There are other places you can learn about the role of the cavalry in the British Army, including the Imperial War Museum at Duxford (a firm favourite with CC#3, not least because his mother can fly him there). But, unlike the Household Cavalry Museum, it does not offer the chance to walk through a working military stable, a full-length glass wall separating the punter from the professional. And what I like most of all is that its profits go to support soldiers of the Household Cavalry who have been injured in service.

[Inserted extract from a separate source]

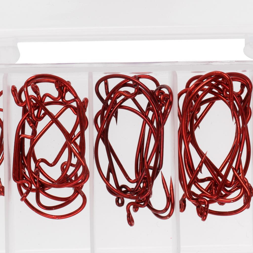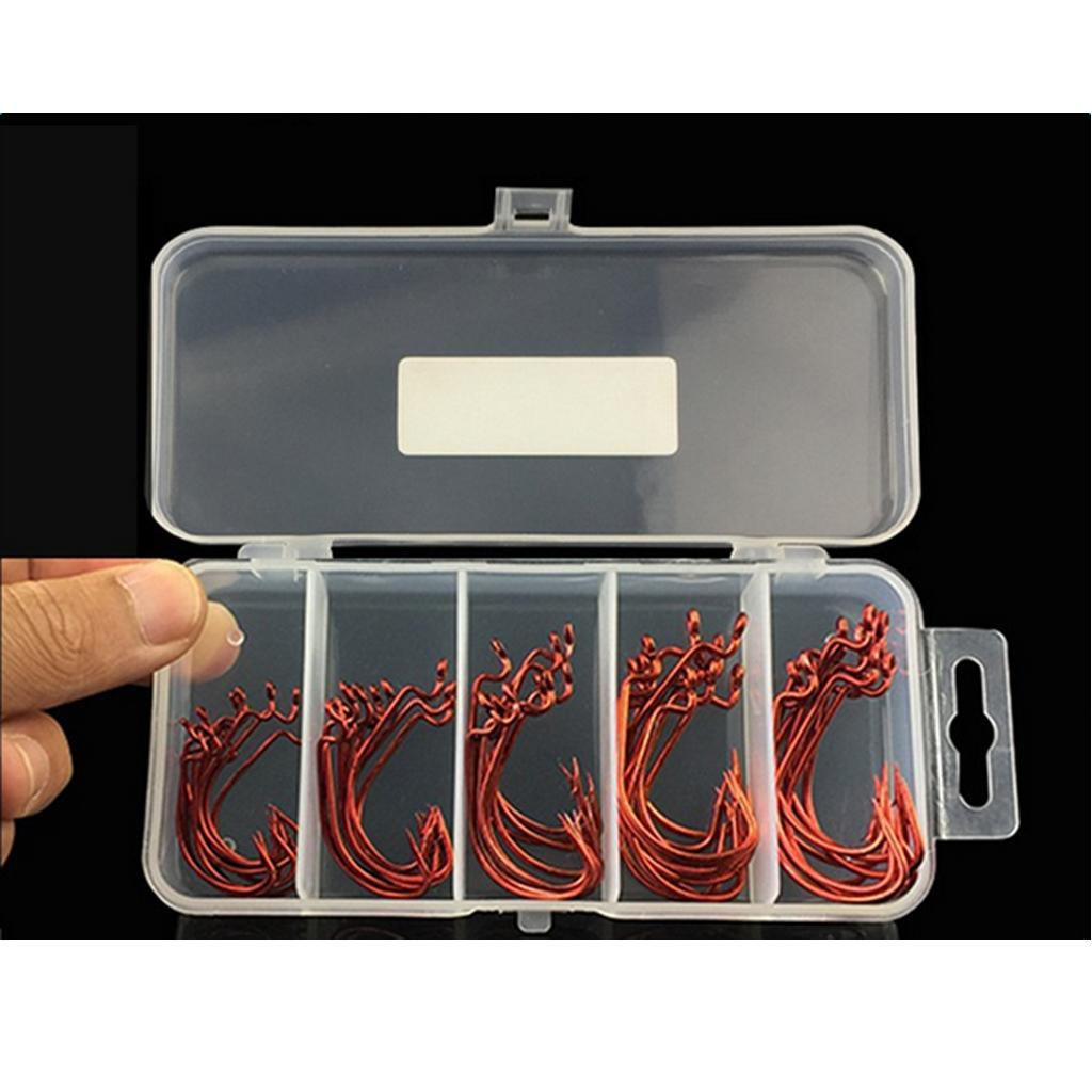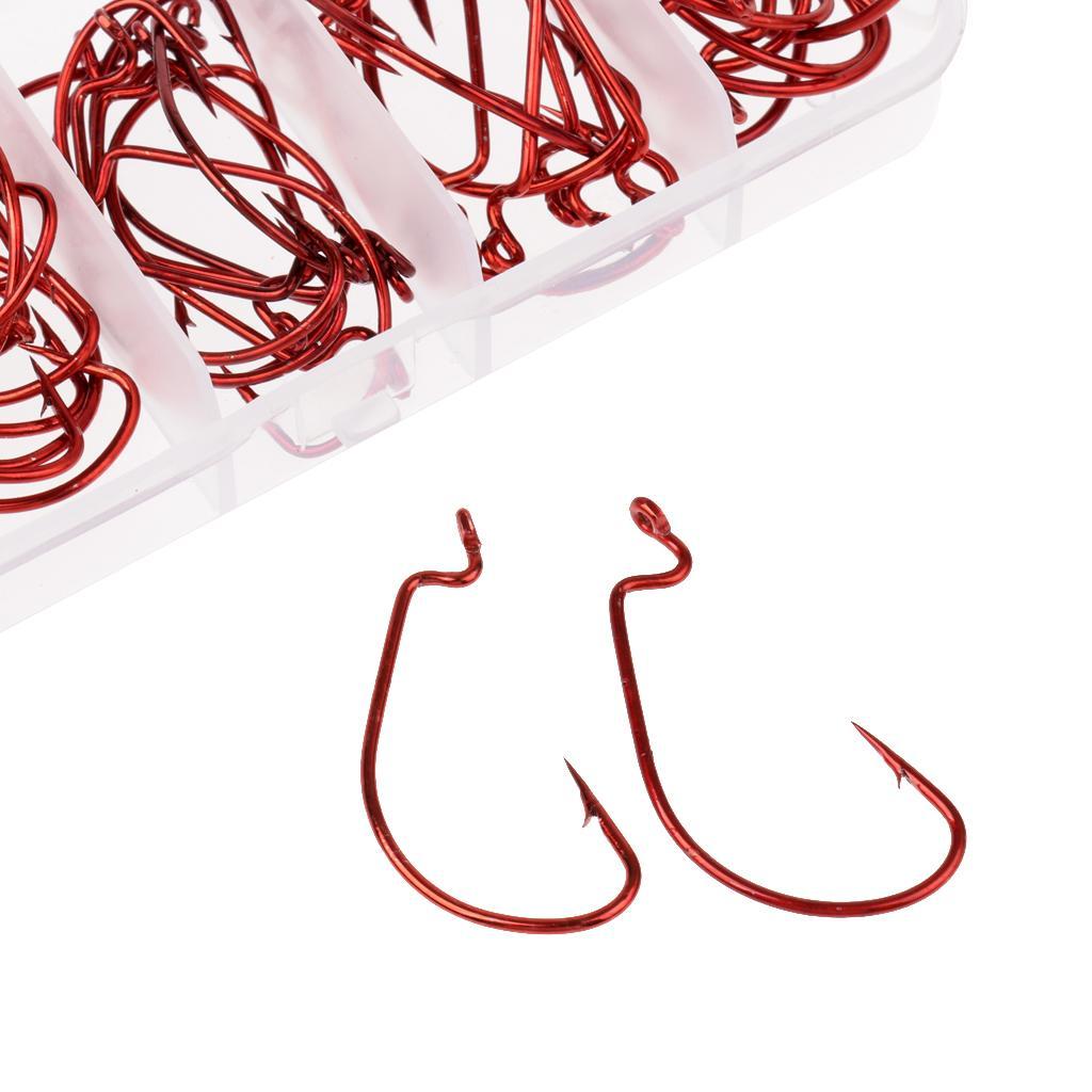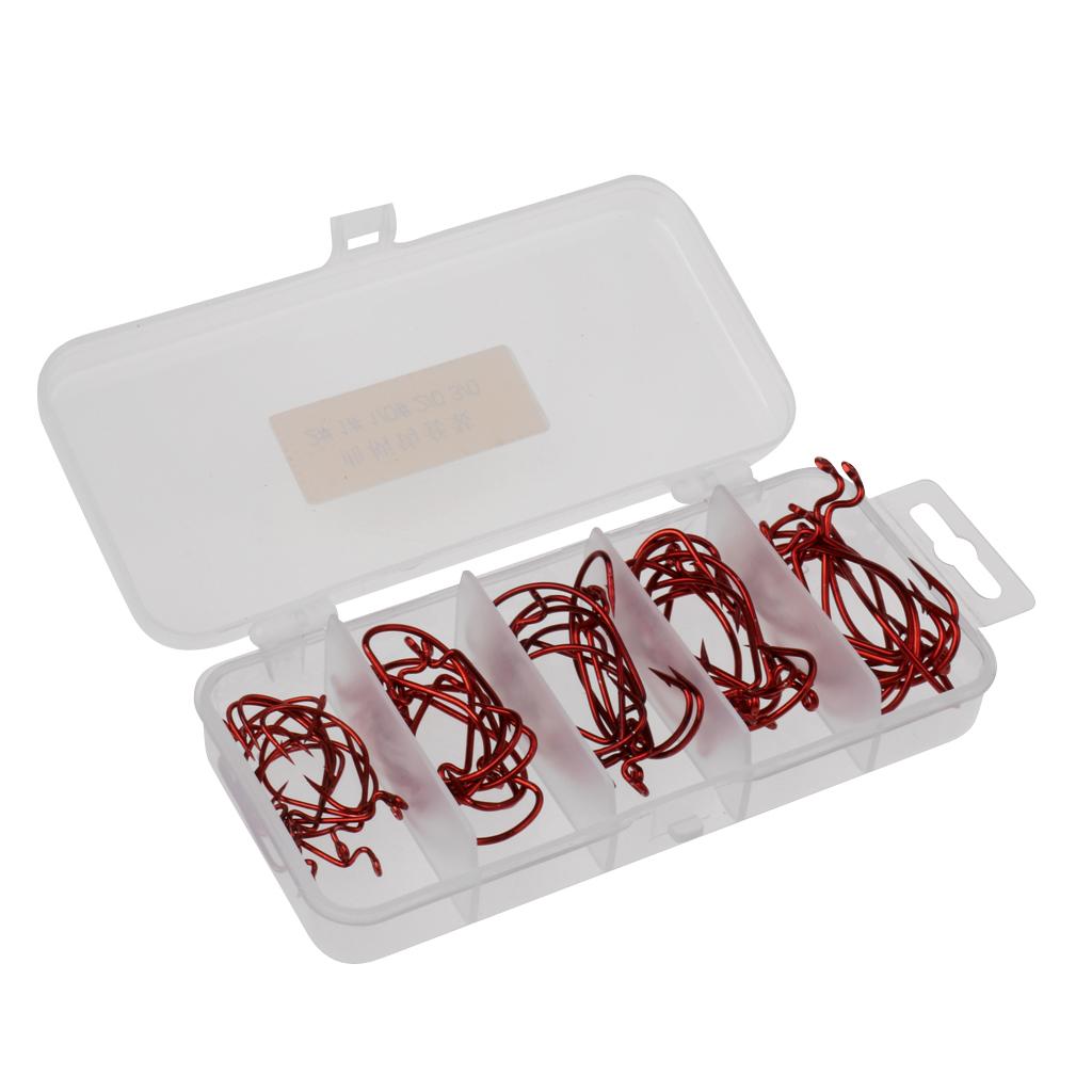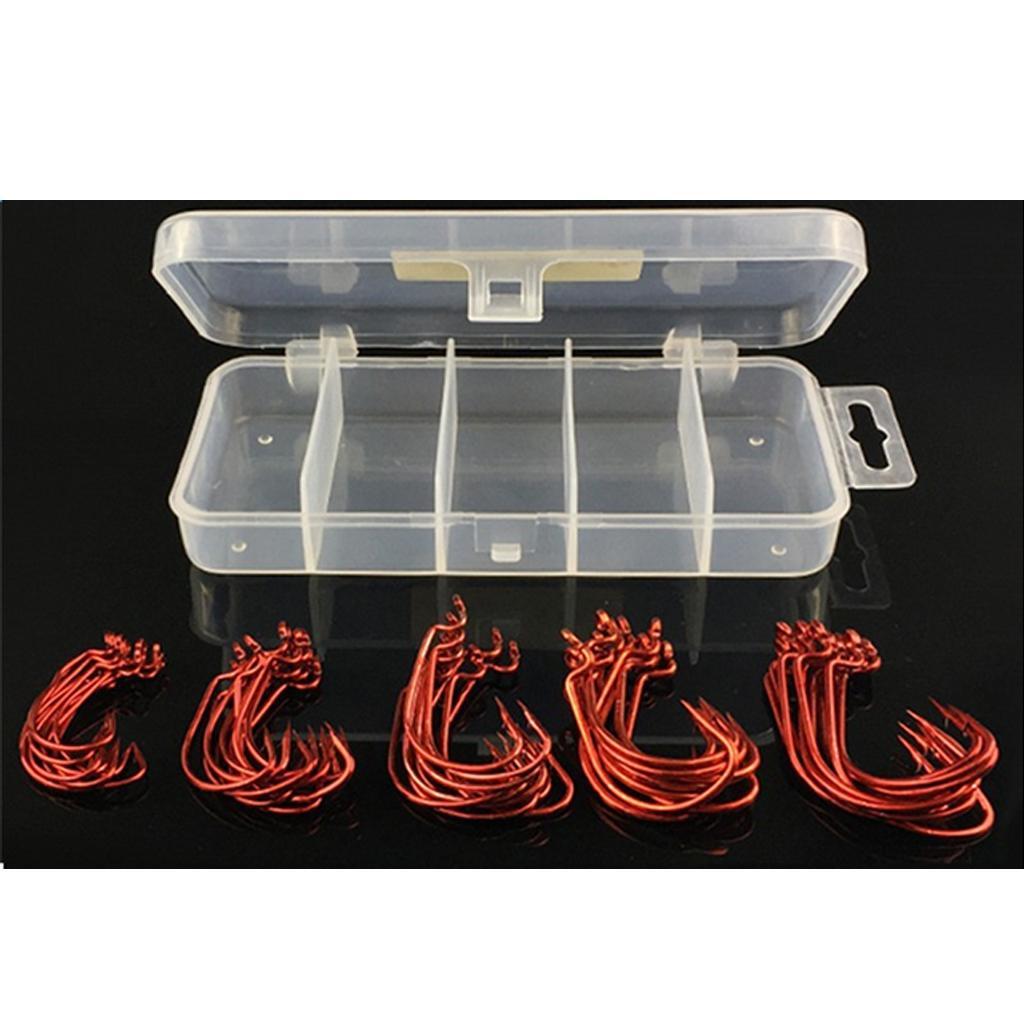 50 Pieces Various Sizes High Carbon Steel Crank Hook Wide Gap Barbed Bass Shad Jig Hooks with 5 Compartments Fishing Box Red

There, of course, lies the real reason a mother’s heart sinks when her 11-year-old says that he wants to learn Pashto. As of the 1st of February, 253 British forces personnel and MoD civilians have died while serving in Afghanistan since the start of operations in October 2001. Many more have been wounded. I probably shouldn’t worry; after all, CC#3 may be thwarted in his ambition by sheer competition for places. In 1990, the UK’s armed forces mustered some 306,000 personnel; last year the tally was 188,000. Only this month we have learnt that defence funding is to be even more restricted.

The Chilcot inquiry into the causes of the Iraq war has provoked much comment in the British media, and innumerable pundits have had their say about whether we should have got involved. As the mother of a child determined to serve Queen and country, how do I feel when I hear yet another person, often someone who has never been near Afghanistan, opining on the subject? To quote Theodore Roosevelt: “It is not the critic who counts; not the man who points out how the strong man stumbles, or where the doer of deeds could have done them better. The credit belongs to the man who is actually in the arena, whose face is marred by dust and sweat and blood…”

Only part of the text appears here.